Add code to eng2spanish.py program to make the lookup and add options work:

$ python3 eng2spanish.py

[l] lookup
[a] add/change
[q] quit
Your choice? l
Word to look up? man
 --> hombre

[l] lookup
[a] add/change
[q] quit
Your choice? l
Word to look up? bye
 --> adios

[l] lookup
[a] add/change
[q] quit
Your choice? l
Word to look up? hello
Hmmm...I don't know that word.

[l] lookup
[a] add/change
[q] quit
Your choice? a
English word to add: hello
Spanish for hello: hola

[l] lookup
[a] add/change
[q] quit
Your choice? l
Word to look up? hello
 --> hola

[l] lookup
[a] add/change
[q] quit
Your choice? q

word counts

What are the most-used words in Romeo and Juliet?

The file "/usr/local/doc/romeoandjuliet.txt" contains Shakespeare’s "The Tragedy of Romeo and Juliet". Can you read in all words from that file and show the top 20 most-used words?

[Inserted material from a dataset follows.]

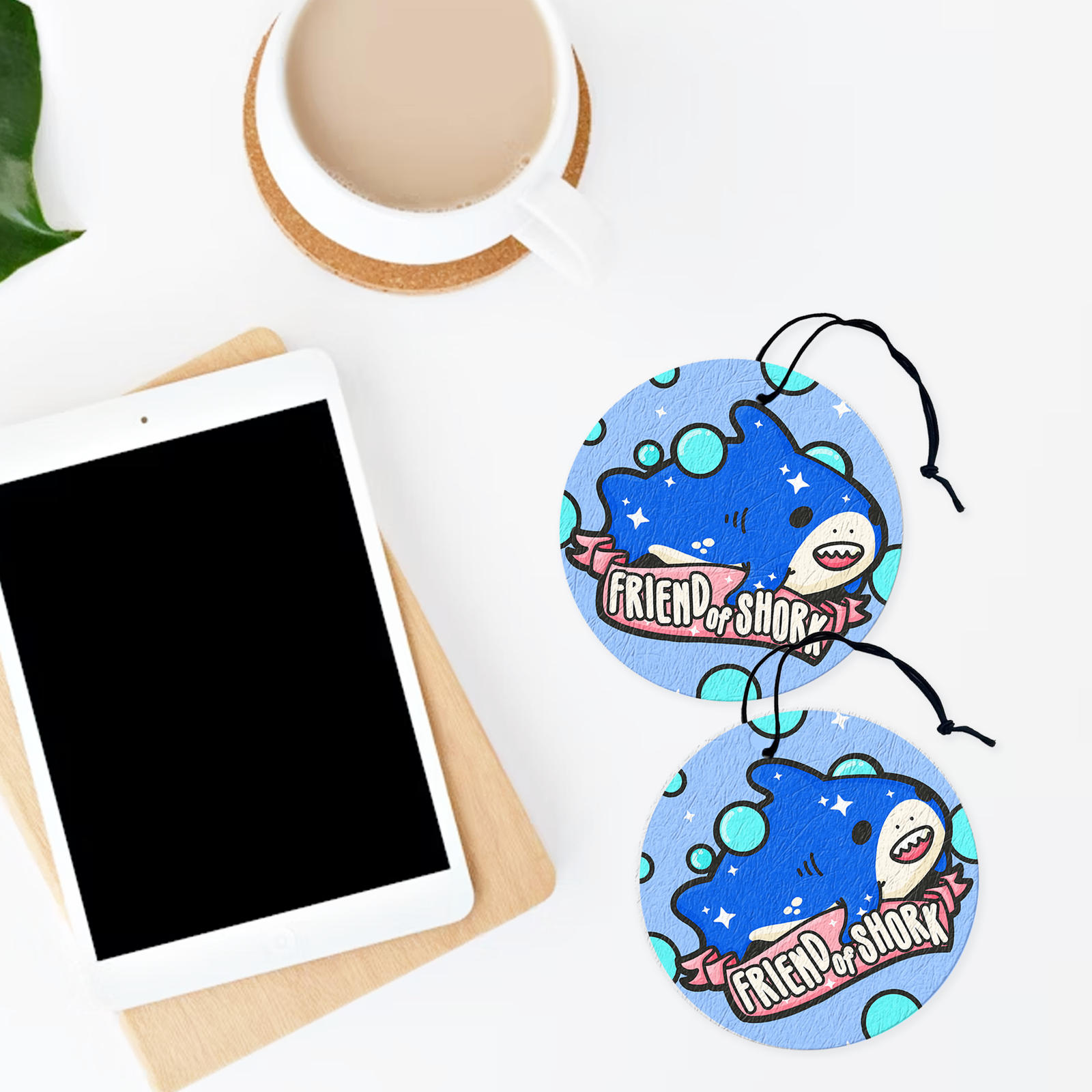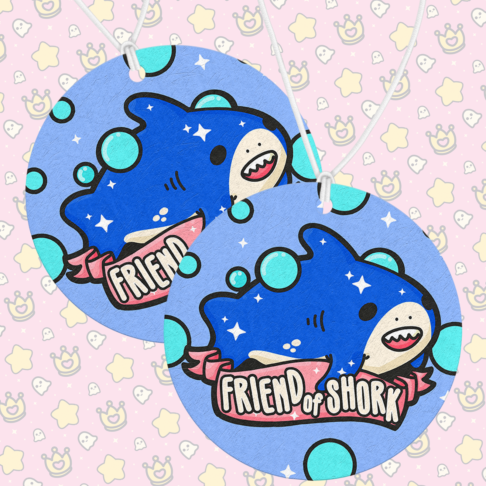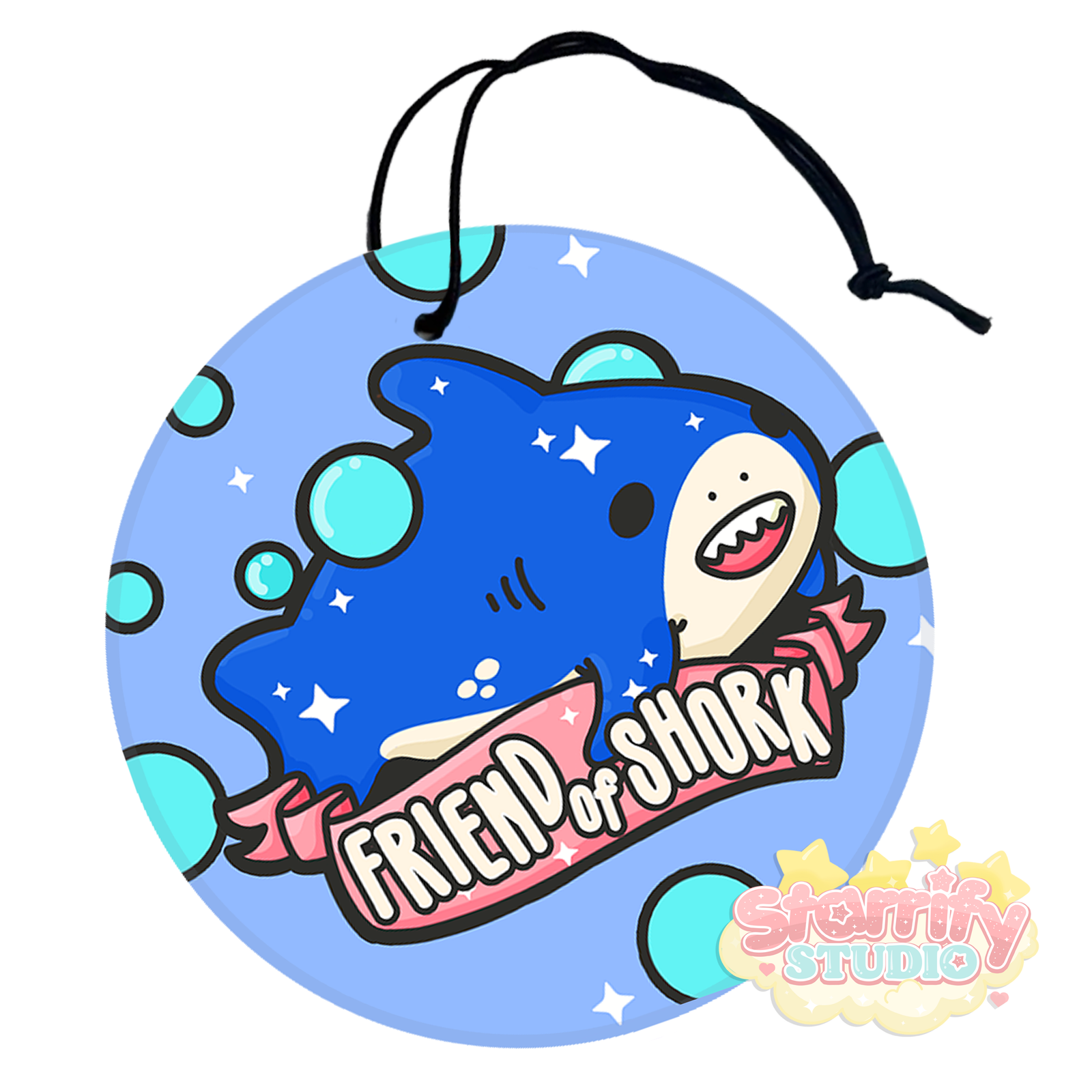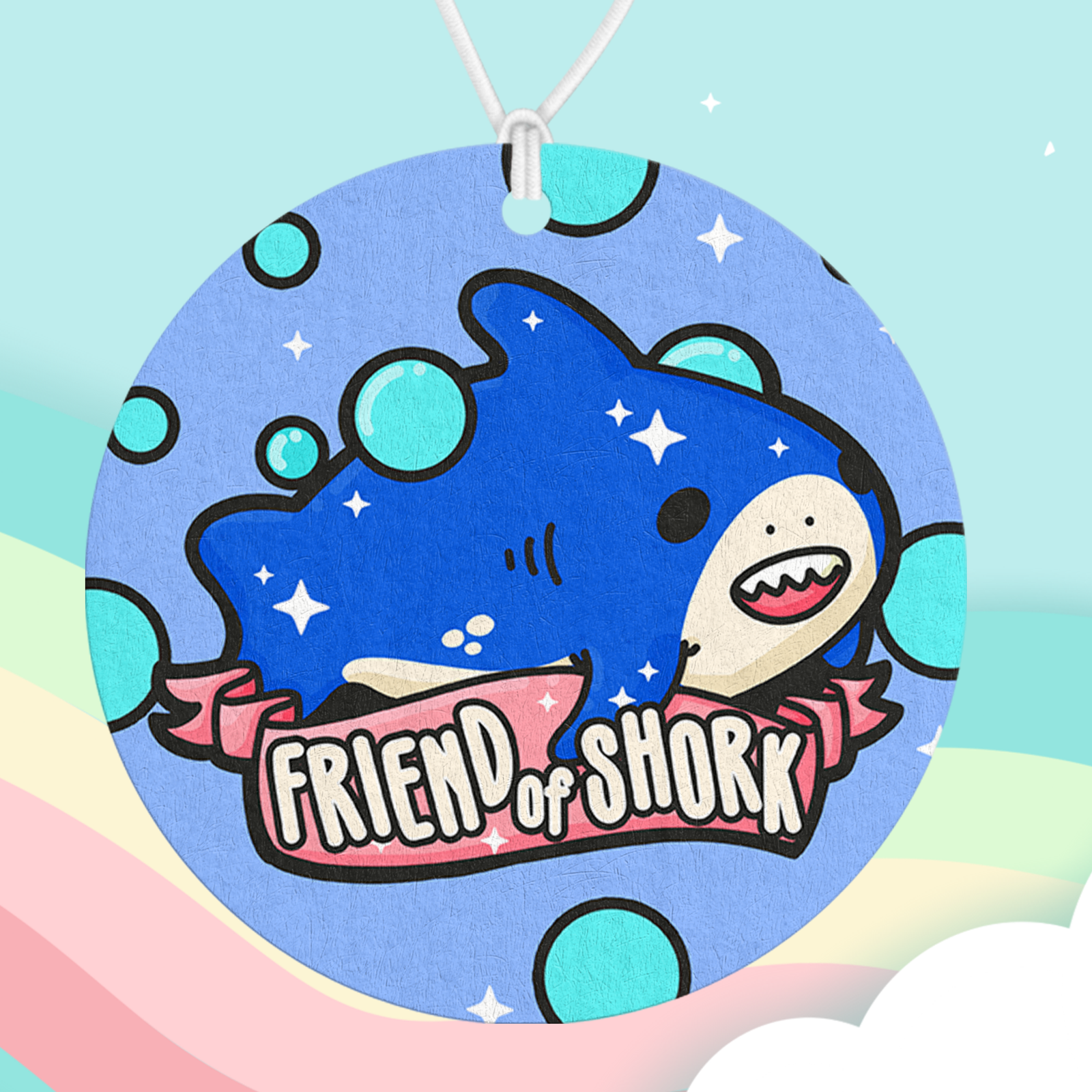 A playful “Friend of Shork” air freshener featuring a cute, not-so-scary ocean buddy. Add your favorite scent and bring a little humor and charm to your daily drive.

See wordcount.py for a start…​

Jul. O Romeo, Romeo! wherefore art thou Romeo?
Deny thy father and refuse thy name!
Or, if thou wilt not, be but sworn my love,
And I'll no longer be a Capulet.

Friday

The video from today’s lecture (Friday, May 1, 2020):

  • youtube video of zoom lecture

  • Last Class! :(

  • Lab 11 due Saturday

  • Quiz 6 Study Guide coming (quiz is May 7-12)

  • Will get Labs back to you next week

matplotlib

Learn some matplotlib

  • simple graph: simpleplot.py

  • bargraph: bargraph.py

Also see the matplotlib gallery

data from the web

NYTimes CV19 data (see covid.py) Center for Responsive Politics data/API awesome data corgis data yelp data twitter API

fun things to do this summer…​

thank your ninjas!

THANK YOU Emma, Alex, and Sydney!!! THANK YOU Emma, Alex, and Sydney!!!